[WORK INSTRUCTION] Without including any pictures, please copy every entry below exactly.

(Records contained in a dataset)
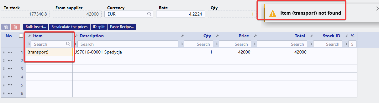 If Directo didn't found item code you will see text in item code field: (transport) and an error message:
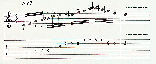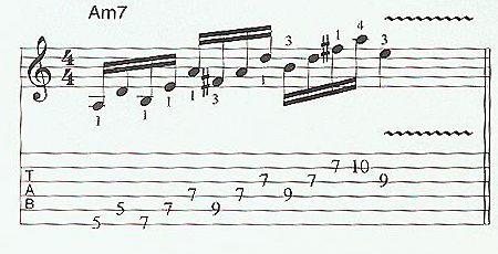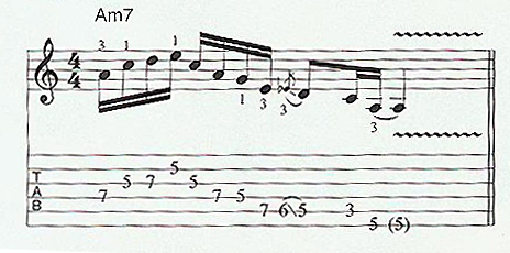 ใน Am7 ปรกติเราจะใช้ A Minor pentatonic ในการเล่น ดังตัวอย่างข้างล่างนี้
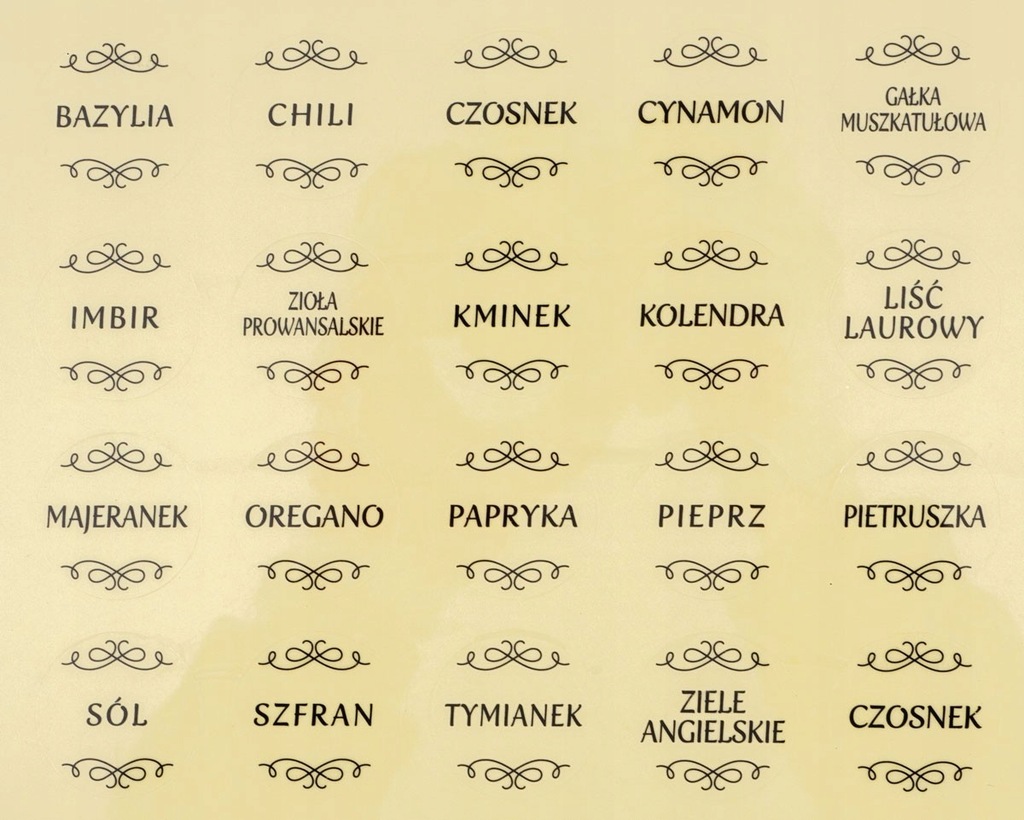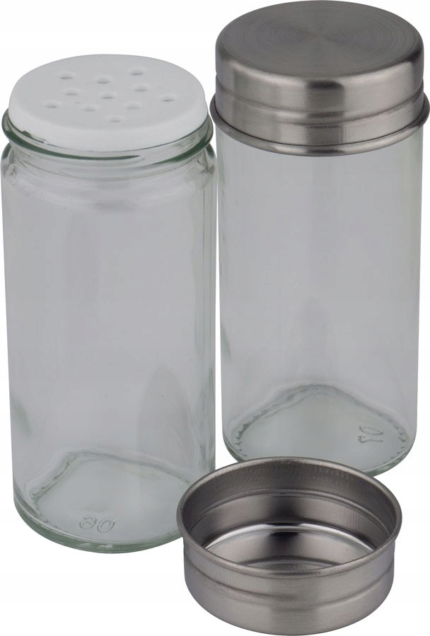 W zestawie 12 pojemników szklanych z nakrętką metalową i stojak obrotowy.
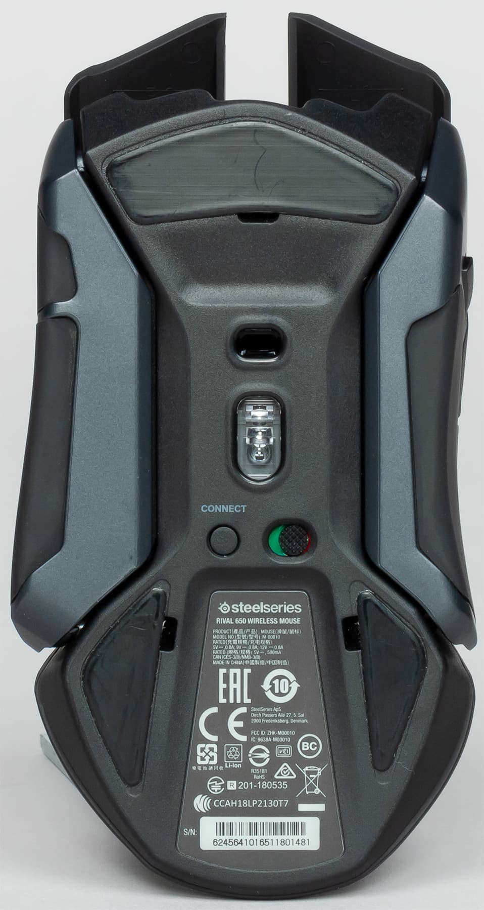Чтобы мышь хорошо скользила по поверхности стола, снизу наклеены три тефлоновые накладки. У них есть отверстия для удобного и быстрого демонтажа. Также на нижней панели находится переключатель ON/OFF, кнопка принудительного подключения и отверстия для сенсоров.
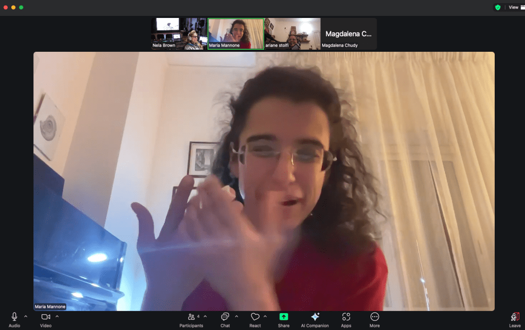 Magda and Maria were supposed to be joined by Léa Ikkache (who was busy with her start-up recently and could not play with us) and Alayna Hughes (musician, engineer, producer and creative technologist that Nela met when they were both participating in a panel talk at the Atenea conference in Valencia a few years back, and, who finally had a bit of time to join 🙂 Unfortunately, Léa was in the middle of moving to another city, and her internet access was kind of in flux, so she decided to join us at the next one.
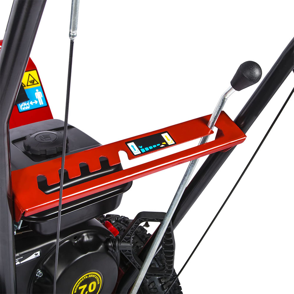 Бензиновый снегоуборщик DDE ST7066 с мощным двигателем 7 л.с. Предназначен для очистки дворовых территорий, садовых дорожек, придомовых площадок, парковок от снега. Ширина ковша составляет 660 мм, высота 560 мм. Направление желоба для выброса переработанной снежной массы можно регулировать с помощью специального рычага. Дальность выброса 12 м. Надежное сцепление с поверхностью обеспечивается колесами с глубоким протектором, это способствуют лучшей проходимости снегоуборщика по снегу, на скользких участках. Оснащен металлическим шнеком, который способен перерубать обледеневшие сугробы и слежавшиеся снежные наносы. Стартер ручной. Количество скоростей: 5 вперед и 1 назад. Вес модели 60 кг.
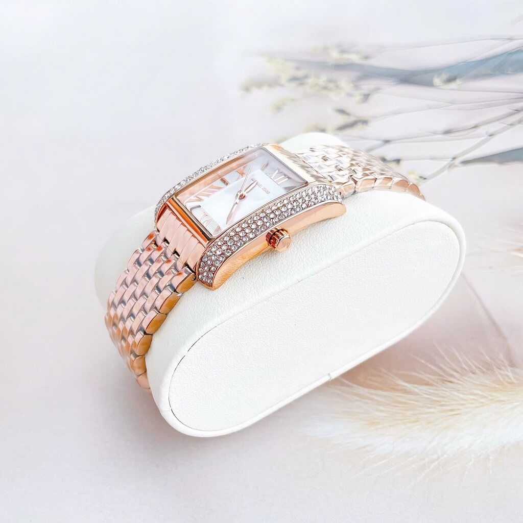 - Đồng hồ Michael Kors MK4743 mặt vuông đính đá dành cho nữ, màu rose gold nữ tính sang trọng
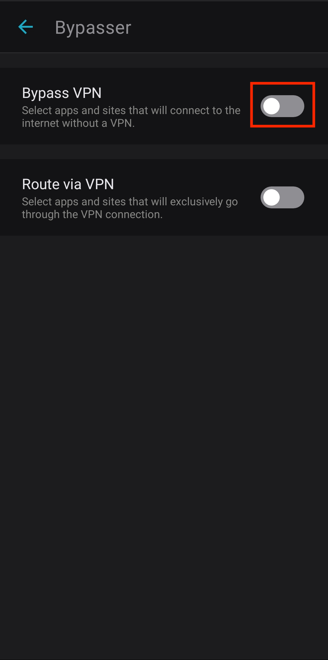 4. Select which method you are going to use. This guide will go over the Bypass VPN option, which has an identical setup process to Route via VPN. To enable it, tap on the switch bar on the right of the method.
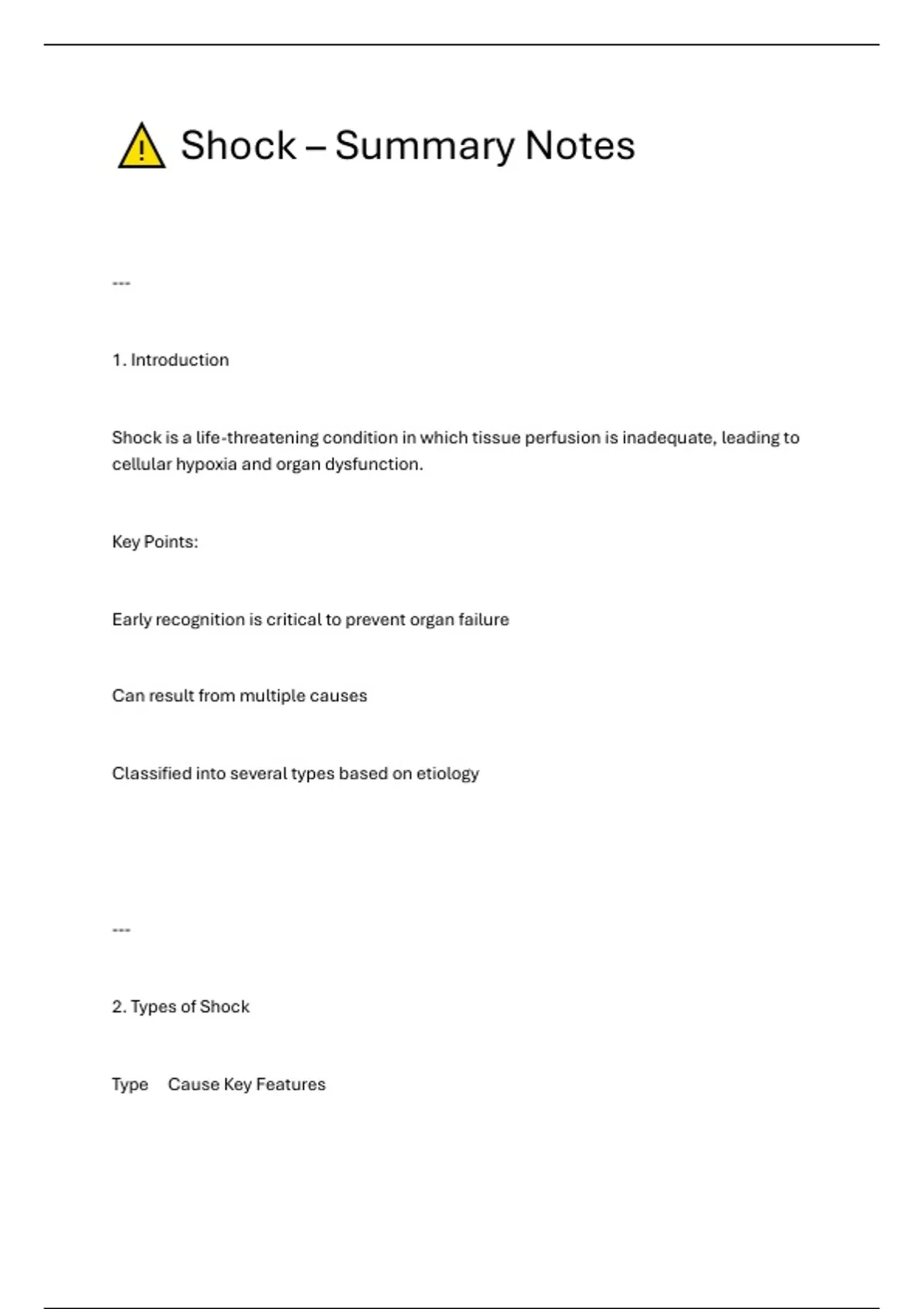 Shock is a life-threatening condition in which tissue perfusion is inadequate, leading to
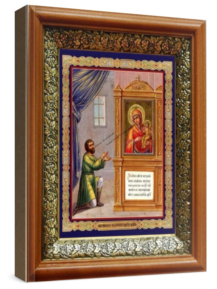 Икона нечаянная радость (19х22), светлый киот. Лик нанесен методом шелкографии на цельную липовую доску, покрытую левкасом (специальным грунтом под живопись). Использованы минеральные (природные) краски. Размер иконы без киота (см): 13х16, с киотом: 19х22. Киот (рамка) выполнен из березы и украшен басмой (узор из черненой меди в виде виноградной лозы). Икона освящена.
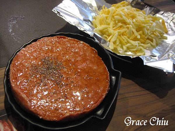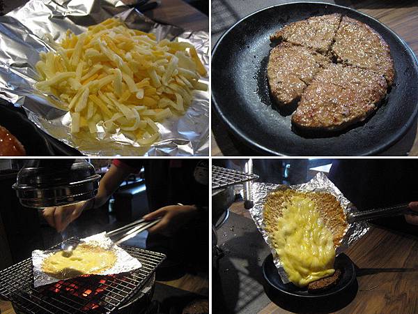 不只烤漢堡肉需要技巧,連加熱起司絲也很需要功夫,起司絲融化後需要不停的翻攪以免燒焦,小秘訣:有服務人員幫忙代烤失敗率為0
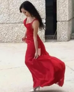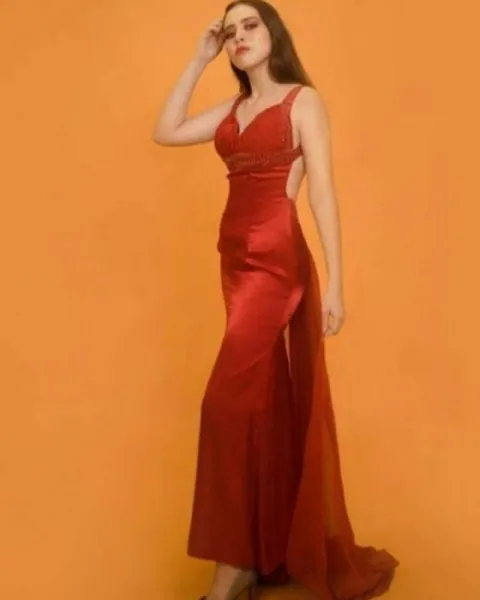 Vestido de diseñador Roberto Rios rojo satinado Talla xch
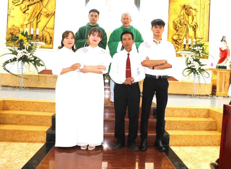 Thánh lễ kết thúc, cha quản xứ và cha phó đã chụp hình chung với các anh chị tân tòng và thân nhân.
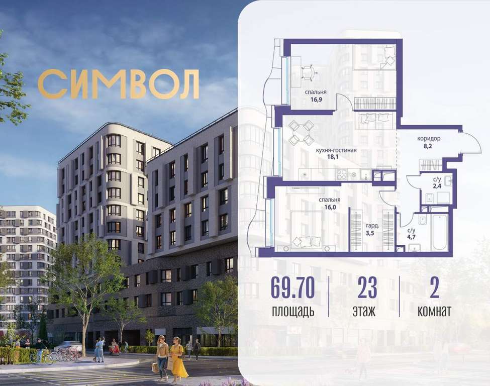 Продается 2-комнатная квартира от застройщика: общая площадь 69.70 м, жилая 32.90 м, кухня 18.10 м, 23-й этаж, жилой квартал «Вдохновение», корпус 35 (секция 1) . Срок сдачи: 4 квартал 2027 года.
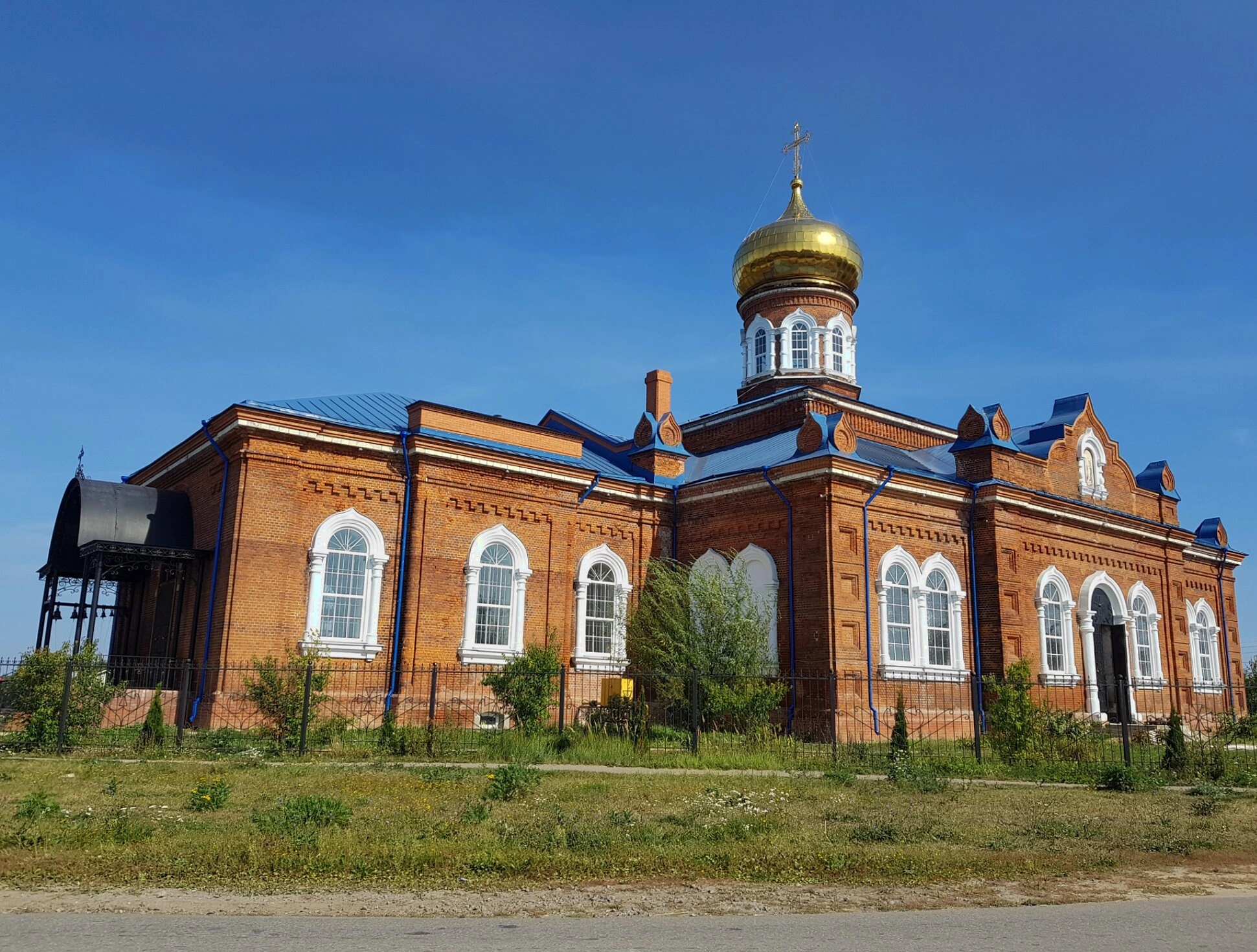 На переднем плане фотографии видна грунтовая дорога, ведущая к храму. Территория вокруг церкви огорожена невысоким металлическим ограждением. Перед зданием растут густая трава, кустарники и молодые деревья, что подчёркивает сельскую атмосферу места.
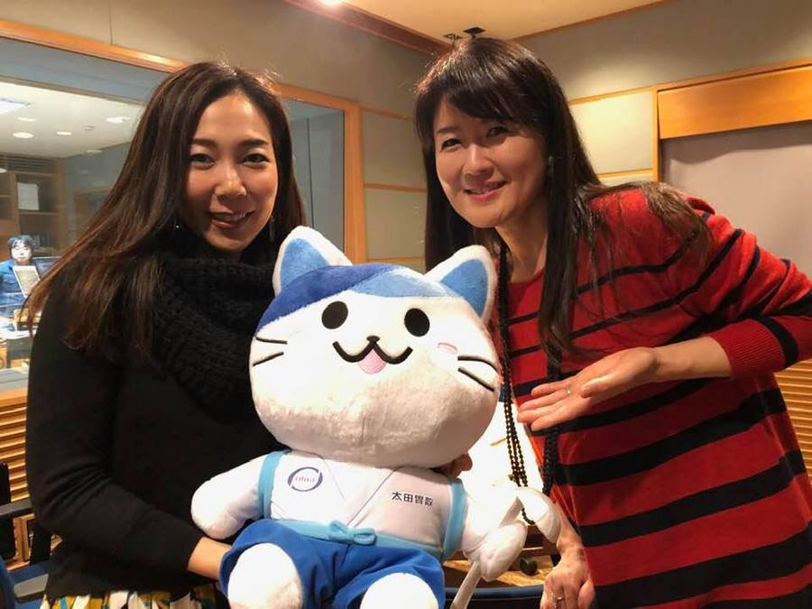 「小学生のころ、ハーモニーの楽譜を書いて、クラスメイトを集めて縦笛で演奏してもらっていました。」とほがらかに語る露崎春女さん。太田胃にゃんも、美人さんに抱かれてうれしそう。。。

[ANSWER SECTION]
 If Directo didn't found item code you will see text in item code field: (transport) and an error message:
 ใน Am7 ปรกติเราจะใช้ A Minor pentatonic ในการเล่น ดังตัวอย่างข้างล่างนี้
 W zestawie 12 pojemników szklanych z nakrętką metalową i stojak obrotowy.
Чтобы мышь хорошо скользила по поверхности стола, снизу наклеены три тефлоновые накладки. У них есть отверстия для удобного и быстрого демонтажа. Также на нижней панели находится переключатель ON/OFF, кнопка принудительного подключения и отверстия для сенсоров.
 Magda and Maria were supposed to be joined by Léa Ikkache (who was busy with her start-up recently and could not play with us) and Alayna Hughes (musician, engineer, producer and creative technologist that Nela met when they were both participating in a panel talk at the Atenea conference in Valencia a few years back, and, who finally had a bit of time to join 🙂 Unfortunately, Léa was in the middle of moving to another city, and her internet access was kind of in flux, so she decided to join us at the next one.
 Бензиновый снегоуборщик DDE ST7066 с мощным двигателем 7 л.с. Предназначен для очистки дворовых территорий, садовых дорожек, придомовых площадок, парковок от снега. Ширина ковша составляет 660 мм, высота 560 мм. Направление желоба для выброса переработанной снежной массы можно регулировать с помощью специального рычага. Дальность выброса 12 м. Надежное сцепление с поверхностью обеспечивается колесами с глубоким протектором, это способствуют лучшей проходимости снегоуборщика по снегу, на скользких участках. Оснащен металлическим шнеком, который способен перерубать обледеневшие сугробы и слежавшиеся снежные наносы. Стартер ручной. Количество скоростей: 5 вперед и 1 назад. Вес модели 60 кг.
 - Đồng hồ Michael Kors MK4743 mặt vuông đính đá dành cho nữ, màu rose gold nữ tính sang trọng
 4. Select which method you are going to use. This guide will go over the Bypass VPN option, which has an identical setup process to Route via VPN. To enable it, tap on the switch bar on the right of the method.
 Shock is a life-threatening condition in which tissue perfusion is inadequate, leading to
 Икона нечаянная радость (19х22), светлый киот. Лик нанесен методом шелкографии на цельную липовую доску, покрытую левкасом (специальным грунтом под живопись). Использованы минеральные (природные) краски. Размер иконы без киота (см): 13х16, с киотом: 19х22. Киот (рамка) выполнен из березы и украшен басмой (узор из черненой меди в виде виноградной лозы). Икона освящена.
 不只烤漢堡肉需要技巧,連加熱起司絲也很需要功夫,起司絲融化後需要不停的翻攪以免燒焦,小秘訣:有服務人員幫忙代烤失敗率為0
 Vestido de diseñador Roberto Rios rojo satinado Talla xch
 Thánh lễ kết thúc, cha quản xứ và cha phó đã chụp hình chung với các anh chị tân tòng và thân nhân.
 Продается 2-комнатная квартира от застройщика: общая площадь 69.70 м, жилая 32.90 м, кухня 18.10 м, 23-й этаж, жилой квартал «Вдохновение», корпус 35 (секция 1) . Срок сдачи: 4 квартал 2027 года.
 На переднем плане фотографии видна грунтовая дорога, ведущая к храму. Территория вокруг церкви огорожена невысоким металлическим ограждением. Перед зданием растут густая трава, кустарники и молодые деревья, что подчёркивает сельскую атмосферу места.
 「小学生のころ、ハーモニーの楽譜を書いて、クラスメイトを集めて縦笛で演奏してもらっていました。」とほがらかに語る露崎春女さん。太田胃にゃんも、美人さんに抱かれてうれしそう。。。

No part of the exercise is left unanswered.